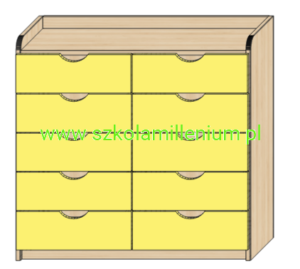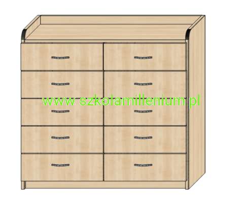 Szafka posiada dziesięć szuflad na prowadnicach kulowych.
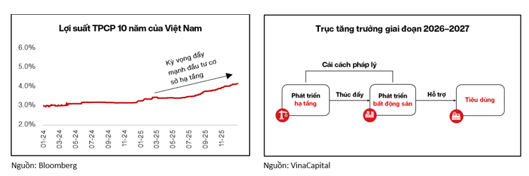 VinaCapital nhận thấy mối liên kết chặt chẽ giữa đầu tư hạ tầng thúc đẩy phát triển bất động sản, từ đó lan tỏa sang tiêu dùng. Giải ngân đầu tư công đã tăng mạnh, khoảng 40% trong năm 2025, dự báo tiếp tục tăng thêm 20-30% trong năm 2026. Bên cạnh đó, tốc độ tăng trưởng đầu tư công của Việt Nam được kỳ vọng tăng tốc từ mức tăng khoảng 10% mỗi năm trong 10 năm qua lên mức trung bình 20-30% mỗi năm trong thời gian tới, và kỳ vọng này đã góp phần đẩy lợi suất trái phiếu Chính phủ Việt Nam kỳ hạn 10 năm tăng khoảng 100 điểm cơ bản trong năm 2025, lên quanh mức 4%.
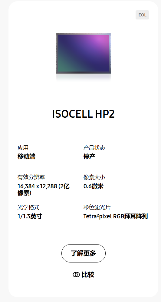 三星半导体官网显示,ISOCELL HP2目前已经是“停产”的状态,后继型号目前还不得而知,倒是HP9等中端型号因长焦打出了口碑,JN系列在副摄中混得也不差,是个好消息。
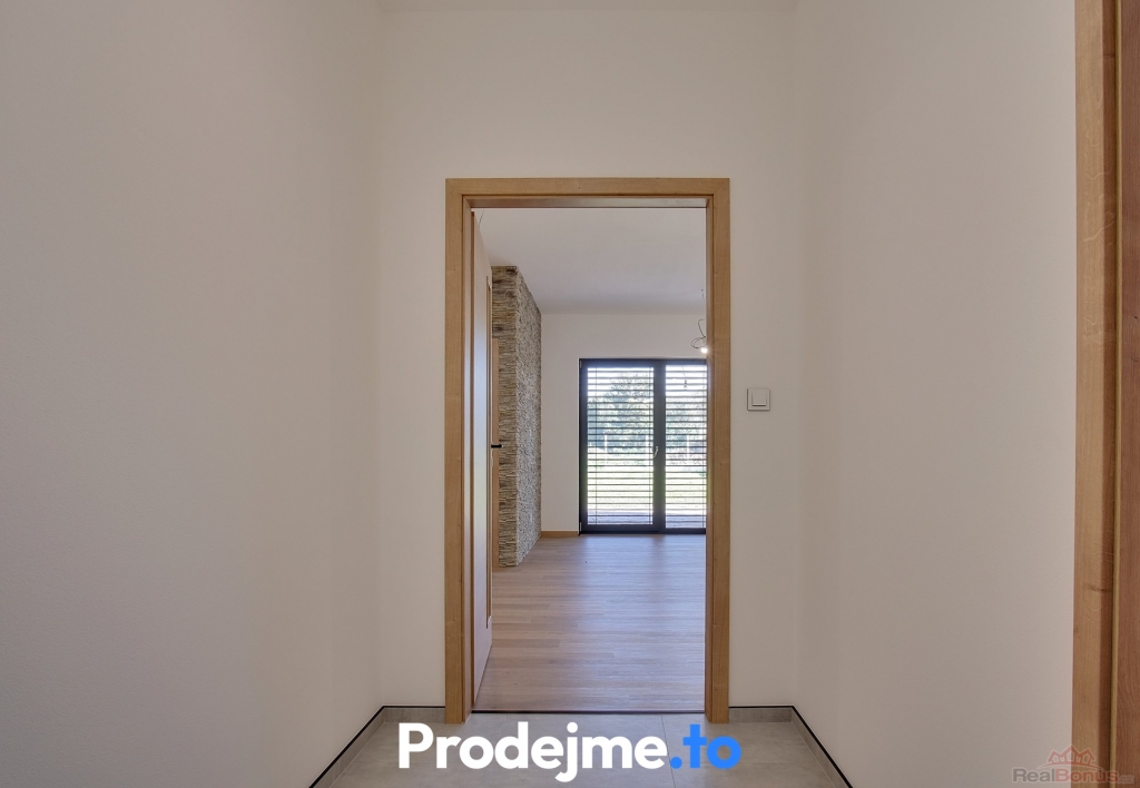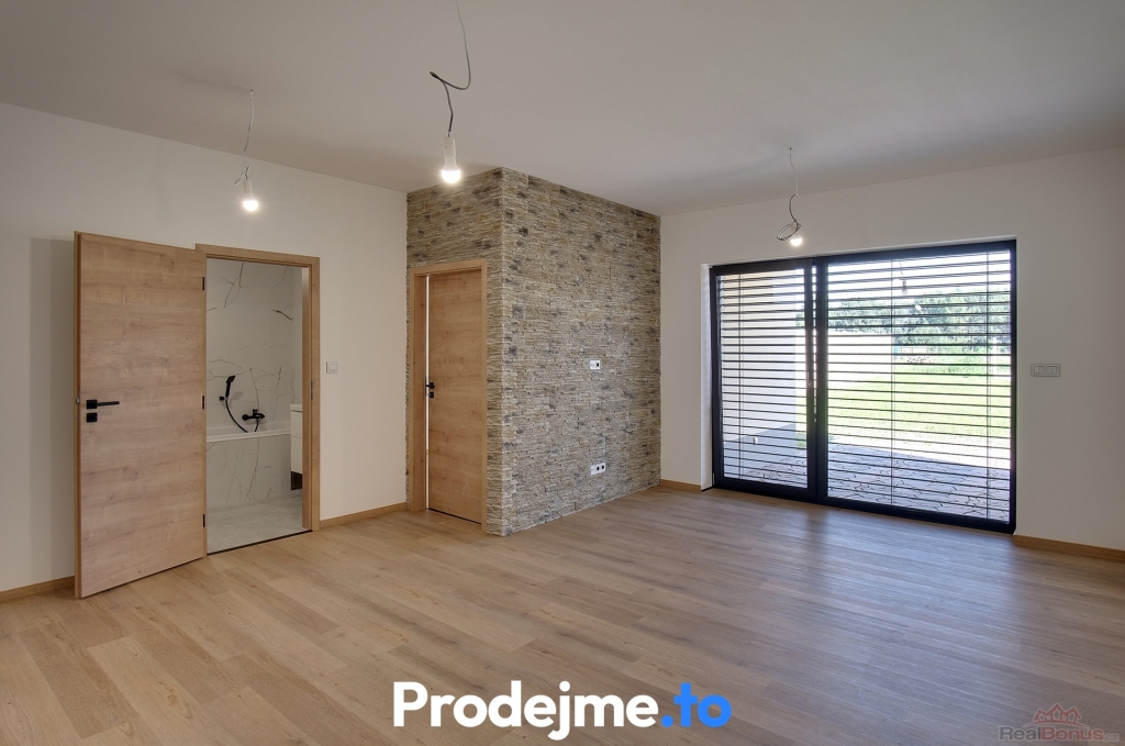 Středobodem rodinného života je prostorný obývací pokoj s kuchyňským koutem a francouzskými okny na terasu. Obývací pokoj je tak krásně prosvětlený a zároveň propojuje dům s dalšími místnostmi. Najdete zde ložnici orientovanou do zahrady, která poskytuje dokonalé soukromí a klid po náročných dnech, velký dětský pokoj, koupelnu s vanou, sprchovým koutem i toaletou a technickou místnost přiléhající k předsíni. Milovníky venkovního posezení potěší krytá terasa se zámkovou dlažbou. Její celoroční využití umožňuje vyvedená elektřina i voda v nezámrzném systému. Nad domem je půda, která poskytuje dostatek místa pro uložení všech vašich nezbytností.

--

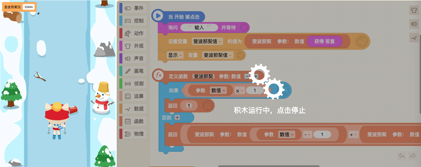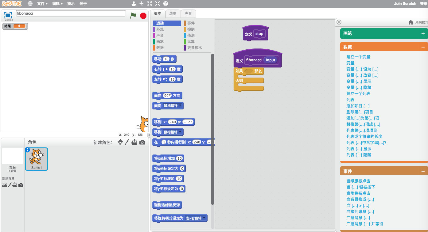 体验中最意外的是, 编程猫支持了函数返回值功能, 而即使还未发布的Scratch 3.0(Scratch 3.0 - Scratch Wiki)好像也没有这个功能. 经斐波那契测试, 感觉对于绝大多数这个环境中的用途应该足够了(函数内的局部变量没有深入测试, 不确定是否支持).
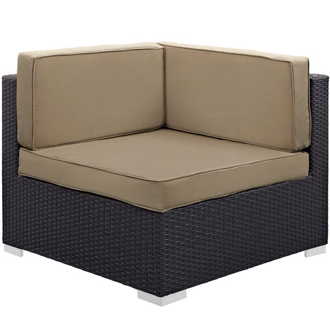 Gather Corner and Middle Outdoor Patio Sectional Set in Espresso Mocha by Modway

• What you need to do
When you reach the line containing "三星半导体官网显示,ISOC" in the entries above, begin restating word for word, and stop once the line containing "Středobodem rodinného života" has been given. Omit the pictures.

• Exercise response
 三星半导体官网显示,ISOCELL HP2目前已经是“停产”的状态,后继型号目前还不得而知,倒是HP9等中端型号因长焦打出了口碑,JN系列在副摄中混得也不差,是个好消息。
 Středobodem rodinného života je prostorný obývací pokoj s kuchyňským koutem a francouzskými okny na terasu. Obývací pokoj je tak krásně prosvětlený a zároveň propojuje dům s dalšími místnostmi. Najdete zde ložnici orientovanou do zahrady, která poskytuje dokonalé soukromí a klid po náročných dnech, velký dětský pokoj, koupelnu s vanou, sprchovým koutem i toaletou a technickou místnost přiléhající k předsíni. Milovníky venkovního posezení potěší krytá terasa se zámkovou dlažbou. Její celoroční využití umožňuje vyvedená elektřina i voda v nezámrzném systému. Nad domem je půda, která poskytuje dostatek místa pro uložení všech vašich nezbytností.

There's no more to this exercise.